The binary to expand the snfs is cvupdatefs. The information about the expansion will be available in the file expandFS.log (the file is gathered by collect in the app-info directory).

Look at the exapandFS.log file and confirm that the expansion has not been done. If it was done, please escalate the case.

Also check the vol0.cfg file (gathered by collect and available in the snfs-info directory), to confirm that the LUNS of the EM have not been added to the snfs.

After you check that the snfs is clean (step 1 and 2) and there is no reference to the LUNS of the new EM, continue with the steps below.

Check to see if the mapfile.txt has the new LUNS with labels

In this case you can have two possible conditions:

4.1. The new LUNS of the new EM under mapfile.txt have labels, but the output of cvlabel -L shows no labels on those LUNS.

-- If this is the case, you can remove the new LUN entries, reboot the DXi, and try to expand again.

4.2. The new LUNS of the new EM under mapfile.txt have labels, and the output of cvlabel -L also shows labels on those LUNS.

-- If this is the case, proceed with the next step.

Now let's remove the snfs label.

ATTENTION: Do not execute this command on the wrong LUN:

# cvlabel -U /dev/sd##

Where /dev/sd## is the device node of the new LUN from the new EM that is being pointed to in this case, which already had a label during the expansion process.

At this point, you may reboot and try to do the expansion. If expansion doesn't work, redo the steps above, followed by cleaning the JBOD (new EM). The procedure to clean the JBOD is available in the Field Service Manual (but make sure you don't hit the issue reported under bug 33225).

Additional Note:

On the DXi, the following file may be created during expansion:

/opt/DXi/FilesystemExpansionInProgress

This file may be created during the expansion process. You'll see that it is an empty file.

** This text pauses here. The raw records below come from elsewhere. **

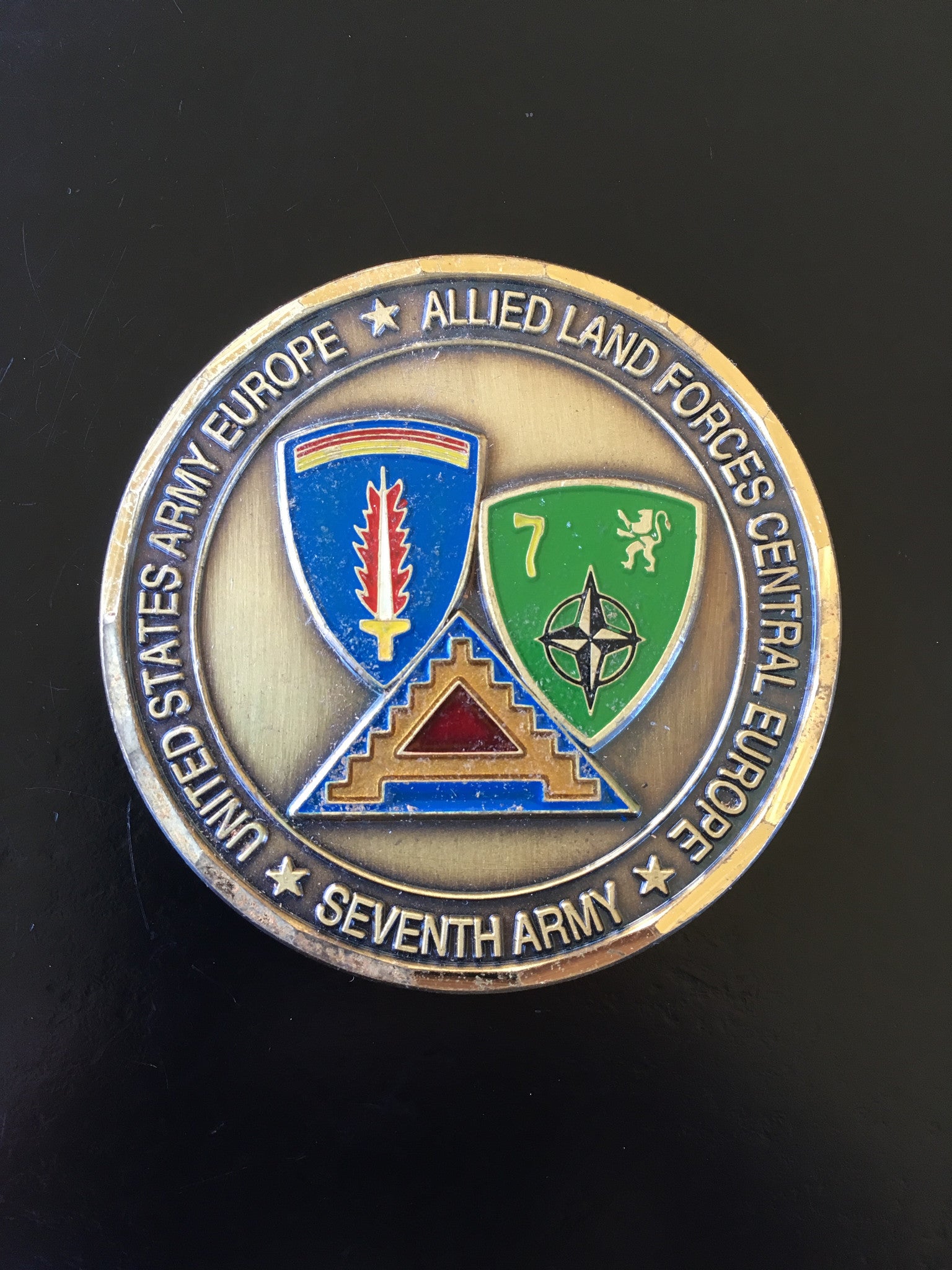 This coin was awarded by General William W. Crouch, 29th Commander in Chief (CINC), United States Army Europe (USAREUR) (CINCUSAREUR) / Commander, Allied Land Forces Central Europe (COMLANDCENT) & Seventh Army. General Crouch served as CINCUSAREUR from December 18, 1994 through August 5, 1997.
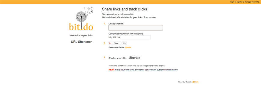 The online URL shortener tool Bit.do is very easy to use. You can use it by signing up or just by going to its homepage and copying and pasting the long link you would like to have shortened. If you sign up for an account, you can also have access to data on how your links are performing and who is using them from where. In addition, you can have your own personal domain that is related to your business. Many URL shorteners have you use their name, which is how they are able to advertise.
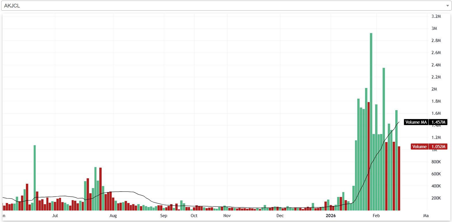 यस साता कम्पनीको भोल्यूम कमजोर रहेको छ। यस साता दैनिक औषतमा कम्पनीको १३ लाख १५ हजार कित्ता शेयर खरिदबिक्री भएको छ। साताको अन्तिम कारोबार दिन कम्पनीको २० दिने औषत भोल्यूम १४ लाख ५७ हजार रहेको छ। २० दिने औषत भोल्यूमको तुलनामा गत साताको दैनिक औषत भोल्यूम ९.७४ प्रतिशत कम हो।

Supposing that the expansion process was interrupted, but nothing wrong occurred, and you need to continue the expansion, if you create this file (using the touch command), the DXi will try to resume the expansion on the next reboot.

In the procedure above, you may want to check if the file exists.